#### [WHAT THE EXERCISE ASKS]
The result should be the full listing copied exactly, with no pictures in it.
+--
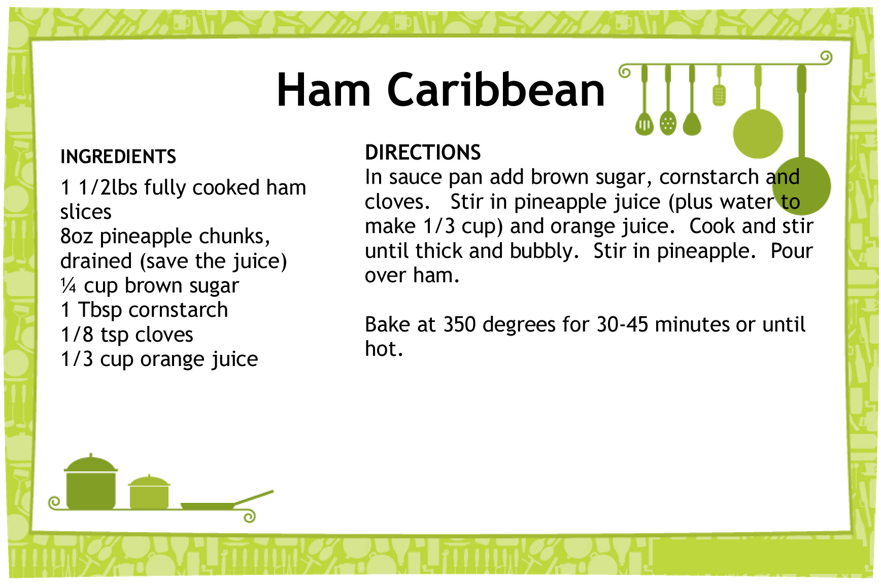 Wow! I really have no idea where the last few weeks have gone. I have no excuses for not posting on my little blog here…I haven’t been out of town, I haven’t been overly busy on some huge project…..just normal life. BUT, today I HAD to share this very yummy ham recipe. My friend and I had our monthly F&F TIME yesterday and instead of putting this dish in the freezer, we had it for dinner last night. YUM!!! I even had some for breakfast this morning, it was THAT good (the pineapple was especially yummy cold from being refrigerated all night). Here’s the recipe:
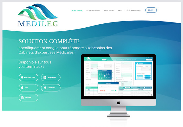 Design du logo puis de l'interface de l'application de gestion pour cabinets d'expertise médicale.
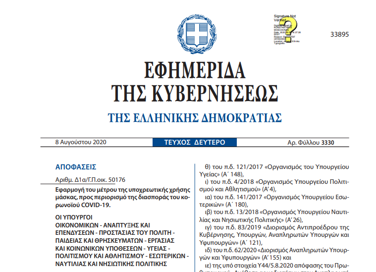 Στο ΦΕΚ τονίζεται ότι είναι υποχρεωτική η χρήση μάσκας στους δημόσιους εσωτερικούς και εξωτερικούς χώρους όλων των επιβατηγών και επιβατηγών-οχηματαγωγών πλοίων, των ημερόπλοιων, των θαλασσίων ταξί και των λαντζών. Στα πλοία και σκάφη του πρώτου εδαφίου απαγορεύεται η οργάνωση και πραγματοποίηση εκδηλώσεων διασκέδασης.
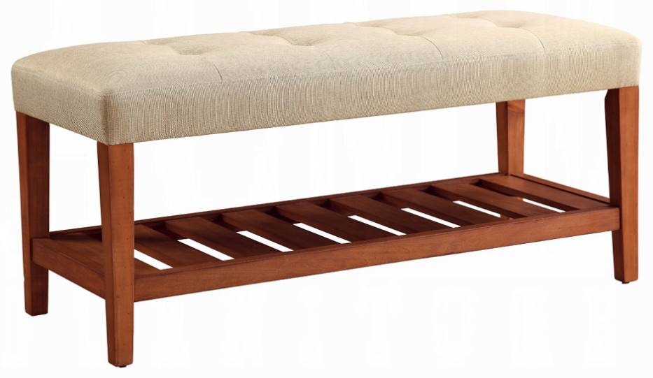 With simplistic lines and pulling from the craftsman era and tapered legs to add in a traditional style, the Charla bench with button tufted full box seat can easily complement any home styling decor. The added width of the bottom slats serves as a function shelf.Read More
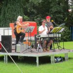 Der Himmel hatte es gut gemeint. Zur Mittagszeit verzogen sich die letzten Wolken. Um 14.00 Uhr waren etwa 80 Senioren eingetroffen, und nach der offiziellen Begrüßung begann man mit dem gemeinsamen Kaffee-Trinken. Hiernach besetzte die Musikgruppe „Gnisse(e)bären“ aus Gnissau die Bühne und unterhielt die Gäste mit Seemannsliedern und heimatlichen Klängen, wobei mitgesungen, sich eingehakt und geschunkelt wurde. Die Besucher unterhielten sich ausgiebig und unter den Zelten prosteten sie sich zu. Denn das macht das Sommerfest der Senioren aus: Freunde und Bekannte, die einander schon lange nicht mehr gesehen haben, kommen zusammen, plaudern und genießen in entspannter Atmosphäre das Sommerfeeling.
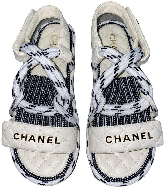 Chanel 20S Cord Lambskin Quilted Logo Sandals
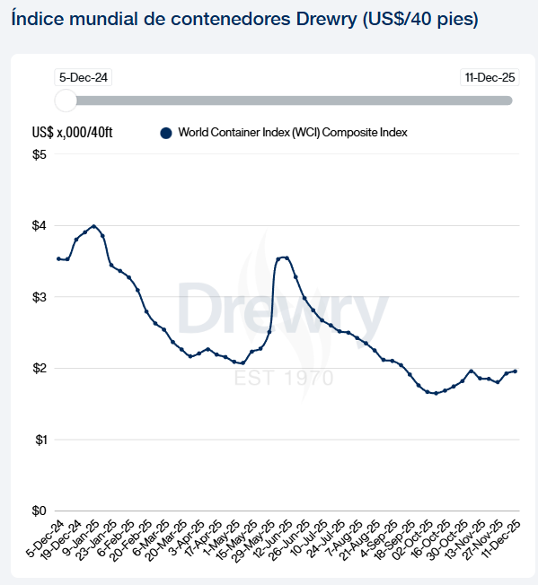 Los volúmenes de carga son escasos porque la mayoría del inventario de Navidad ya fue despachado en noviembre. La falta de volumen para embarcar está superando el efecto de la reducción de capacidad, lo que presiona a la baja las tarifas de flete.
+--
#### [ANSWER TO THE PROBLEM]
 Wow! I really have no idea where the last few weeks have gone. I have no excuses for not posting on my little blog here…I haven’t been out of town, I haven’t been overly busy on some huge project…..just normal life. BUT, today I HAD to share this very yummy ham recipe. My friend and I had our monthly F&F TIME yesterday and instead of putting this dish in the freezer, we had it for dinner last night. YUM!!! I even had some for breakfast this morning, it was THAT good (the pineapple was especially yummy cold from being refrigerated all night). Here’s the recipe:
 Design du logo puis de l'interface de l'application de gestion pour cabinets d'expertise médicale.
 Στο ΦΕΚ τονίζεται ότι είναι υποχρεωτική η χρήση μάσκας στους δημόσιους εσωτερικούς και εξωτερικούς χώρους όλων των επιβατηγών και επιβατηγών-οχηματαγωγών πλοίων, των ημερόπλοιων, των θαλασσίων ταξί και των λαντζών. Στα πλοία και σκάφη του πρώτου εδαφίου απαγορεύεται η οργάνωση και πραγματοποίηση εκδηλώσεων διασκέδασης.
 With simplistic lines and pulling from the craftsman era and tapered legs to add in a traditional style, the Charla bench with button tufted full box seat can easily complement any home styling decor. The added width of the bottom slats serves as a function shelf.Read More
 Der Himmel hatte es gut gemeint. Zur Mittagszeit verzogen sich die letzten Wolken. Um 14.00 Uhr waren etwa 80 Senioren eingetroffen, und nach der offiziellen Begrüßung begann man mit dem gemeinsamen Kaffee-Trinken. Hiernach besetzte die Musikgruppe „Gnisse(e)bären“ aus Gnissau die Bühne und unterhielt die Gäste mit Seemannsliedern und heimatlichen Klängen, wobei mitgesungen, sich eingehakt und geschunkelt wurde. Die Besucher unterhielten sich ausgiebig und unter den Zelten prosteten sie sich zu. Denn das macht das Sommerfest der Senioren aus: Freunde und Bekannte, die einander schon lange nicht mehr gesehen haben, kommen zusammen, plaudern und genießen in entspannter Atmosphäre das Sommerfeeling.
 Chanel 20S Cord Lambskin Quilted Logo Sandals
 Los volúmenes de carga son escasos porque la mayoría del inventario de Navidad ya fue despachado en noviembre. La falta de volumen para embarcar está superando el efecto de la reducción de capacidad, lo que presiona a la baja las tarifas de flete.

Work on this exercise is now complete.